Index prices are based on a forward price curve at June 30, 2016. A theoretical change of $0.10 per gallon in the underlying commodity price at June 30, 2016 would result in a change of $81.4 million in the value of our index-price natural gas liquids purchase commitments. A theoretical change of $1.00 per barrel in the underlying commodity price at June 30, 2016 would result in a change of $17.2 million in the value of our index-price crude oil purchase commitments.

Sales Contracts

We have entered into product sales contracts for which we expect the parties to physically settle the inventory in future periods. At June 30, 2016, we had the following sales contract volumes (in thousands):
Natural gas liquids fixed-price (gallons)
 
118,257

Natural gas liquids index-price (gallons)
 
438,941

Crude oil fixed-price (barrels)
 
2,739

Crude oil index-price (barrels)
 
18,011


Off-Balance Sheet Arrangements

We do not have any off balance sheet arrangements other than the operating leases described in Note 10 to our condensed consolidated financial statements included in this Quarterly Report.

Environmental Legislation

See our Annual Report for a discussion of proposed environmental legislation and regulations that, if enacted, could result in increased compliance and operating costs.

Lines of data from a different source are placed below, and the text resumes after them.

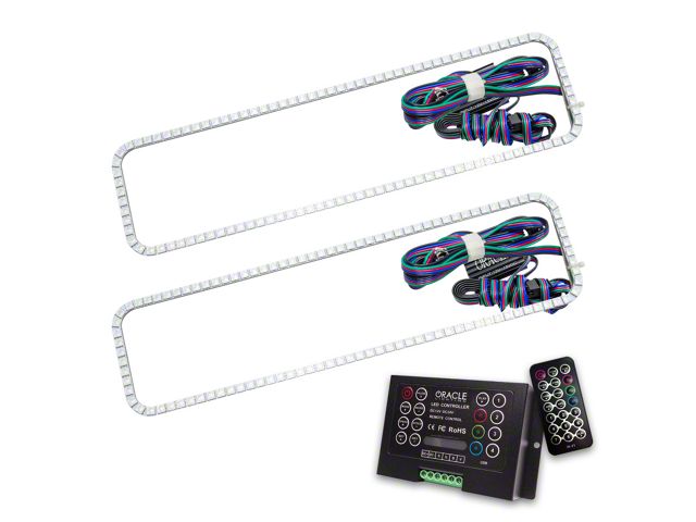 The ColorSHIFT Halo Kit can produce any color including whites from 3000K-15000K with the push of a button. This allows the user to dial-in the exact color rings that they desire. These 3-Chip 5050 SMD rings are BRIGHT, and for some they may be too bright, that is why (for the first time) the user has full control over the ring brightness. ORACLE SMD or "Surface Mount Diode" Halos utilize an advanced type of LED chip that can produce brilliant light output while only consuming a small amount of power. The SMD chips are installed onto a CAD designed 6-layer PCB (Printed Circuit Board) which is very sturdy and will not break if pressured. The PCB can easily be mounted to a headlight housing using the pre-installed 3M adhesive tape backing.
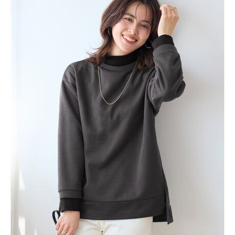 表面感のある縦畝ニットソーの裏起毛に、衿周りのリブでさらにあったかさがUP。さらに、ご家庭で手軽に洗えるので、デイリーユースにぴったりです。
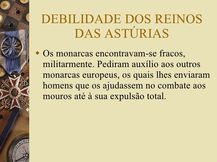 3. 3. DEBILIDADE DOS REINOS DAS ASTÚRIAS <ul><li>Os monarcas encontravam-se fracos, militarmente. Pediram auxílio aos outros monarcas europeus, os quais lhes enviaram homens que os ajudassem no combate aos mouros até à sua expulsão total. </li></ul>
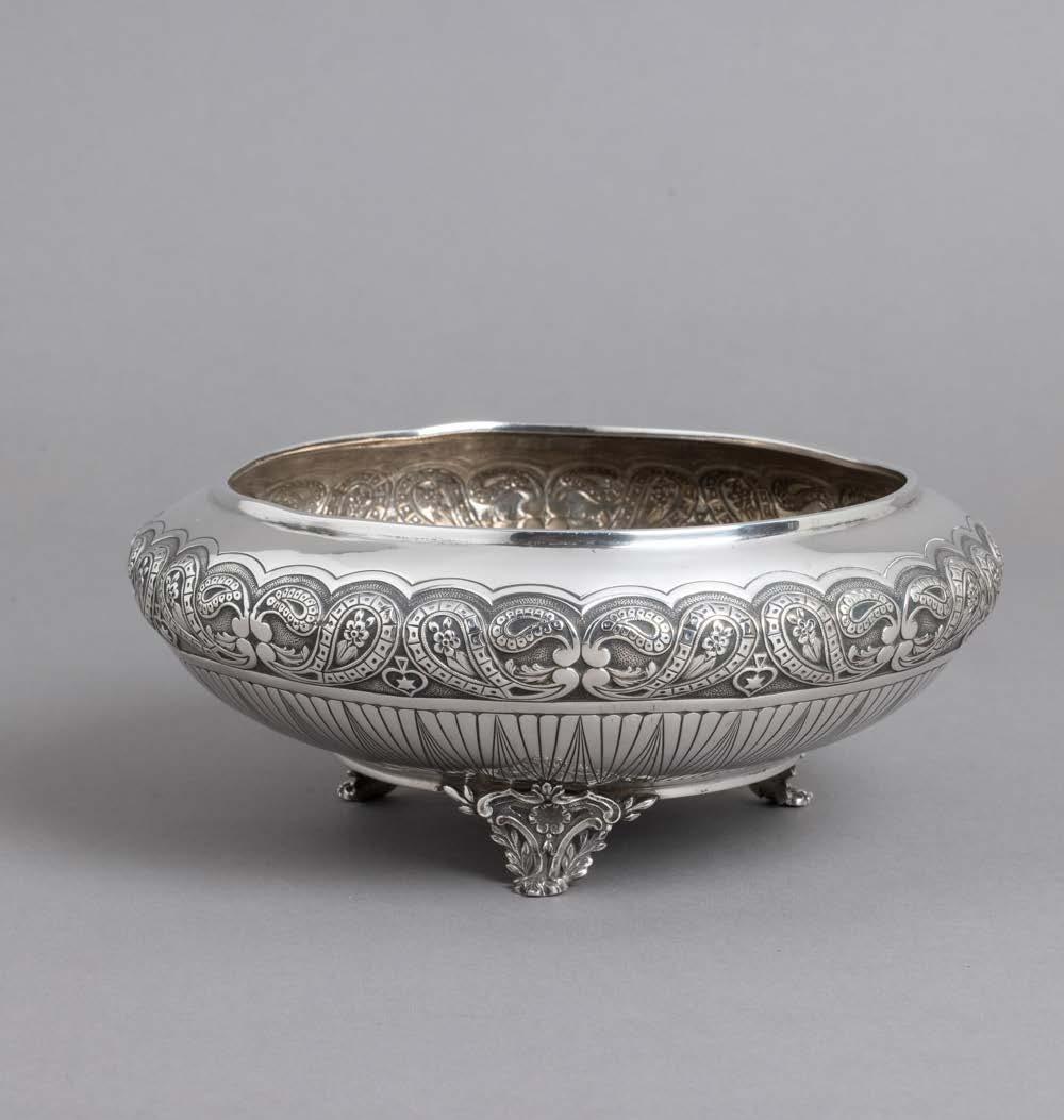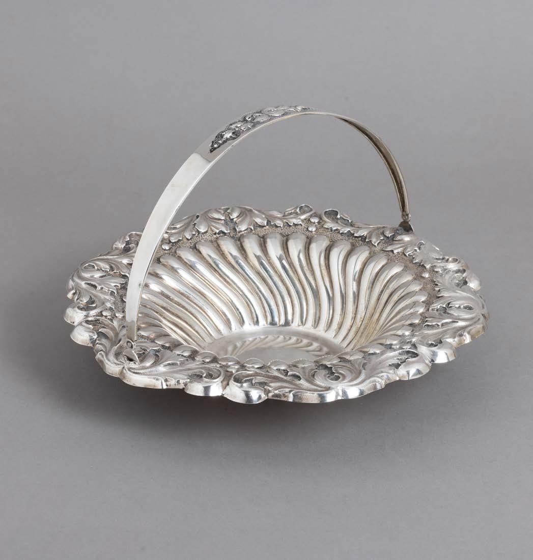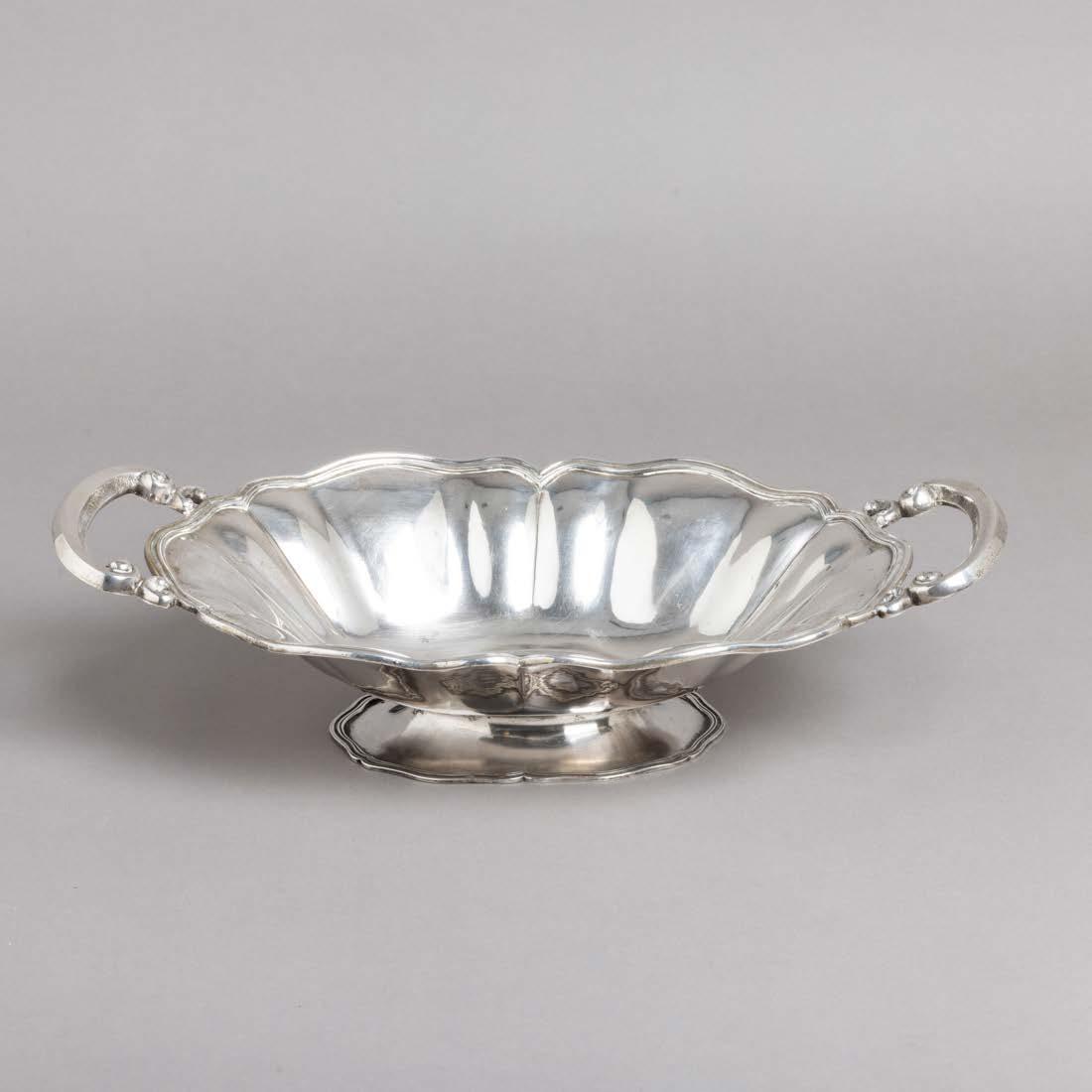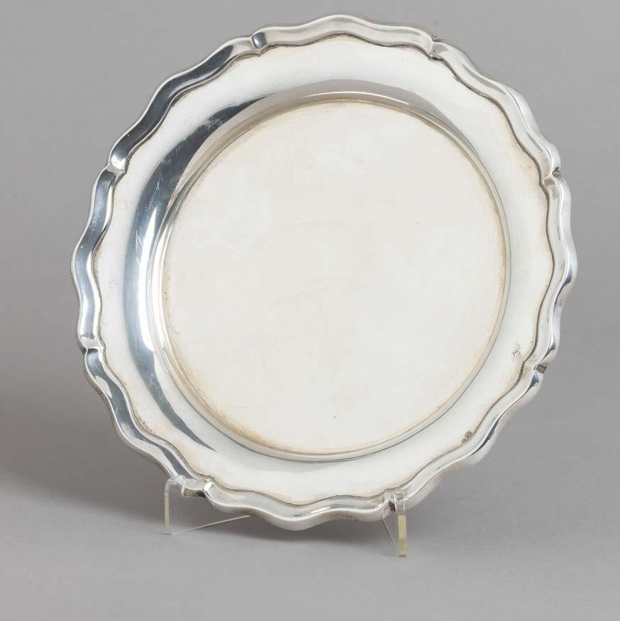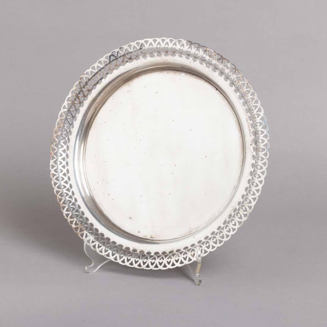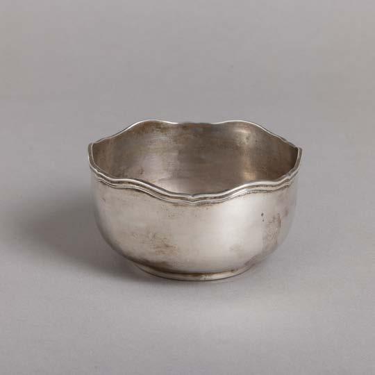 Em metal prateado, decoração lisa. Sinais de uso e fruteiros com pequenos defeitos.
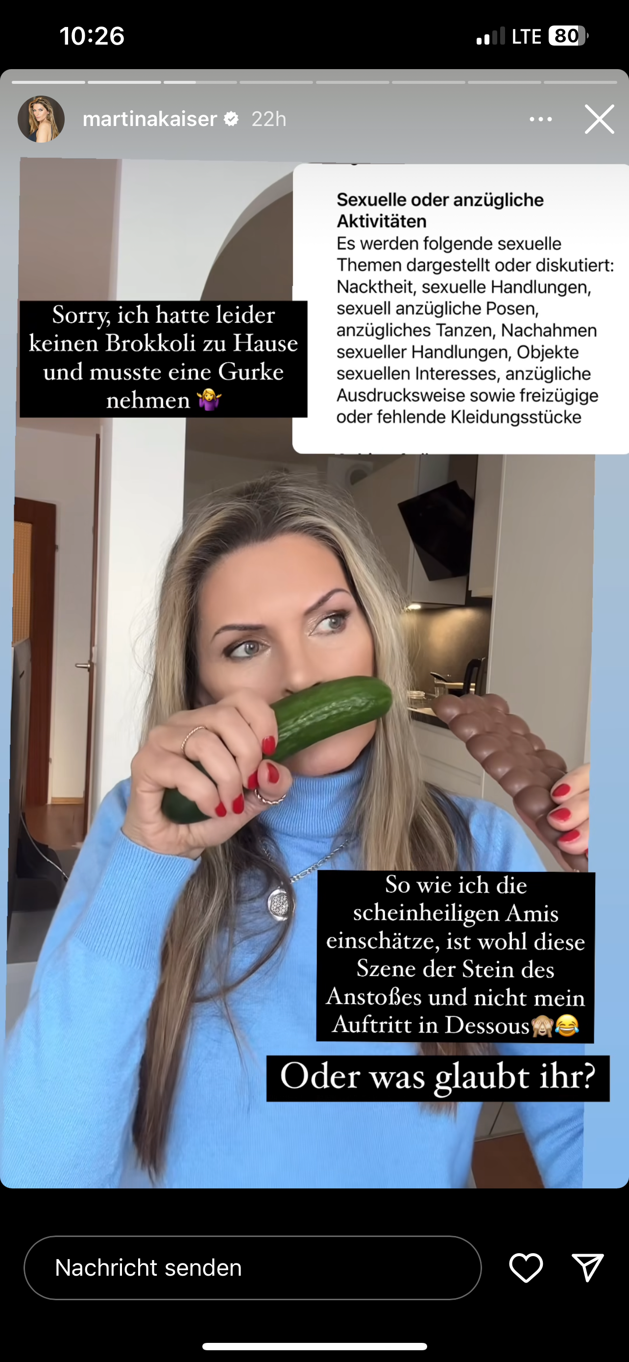 Auch nach ihrem ORF-Aus gibt es noch viel von Martina Kaiser zu sehen. Zu viel, wenn es nach manchen Instagram-Usern geht. Denn ein Video, das sie zeigt, wie sie an einer Gurke riecht, soll jetzt gegen die Richtlinien verstoßen haben, da es sexuelle Aktivitäten offenbare. "Ich versuche gerade meinen Instagram-Account zu monetarisieren. Leider wurde mein erfolgreiches 'Ich bin Martina Kaiser'-Video abgelehnt weil es gegen die Regeln verstößt", erklärt sie.

However, at this time we cannot predict the structure or outcome of any future legislation or regulations or the eventual cost we could incur in compliance.

Recent Accounting Pronouncements

For a discussion of recent accounting pronouncements that are applicable to us, see Note 2 to our condensed consolidated financial statements included in this Quarterly Report.

Critical Accounting Policies

The preparation of financial statements and related disclosures in conformity with GAAP requires the selection and application of appropriate accounting principles to the relevant facts and circumstances of the Partnership’s operations and the use of estimates made by management. We have identified certain accounting policies that are most important to the portrayal of our consolidated financial position and results of operations. The application of these accounting policies, which requires

66


subjective or complex judgments regarding estimates and projected outcomes of future events, and changes in these accounting policies, could have a material effect on our consolidated financial statements. There have been no material changes in the critical accounting policies previously disclosed in our Annual Report.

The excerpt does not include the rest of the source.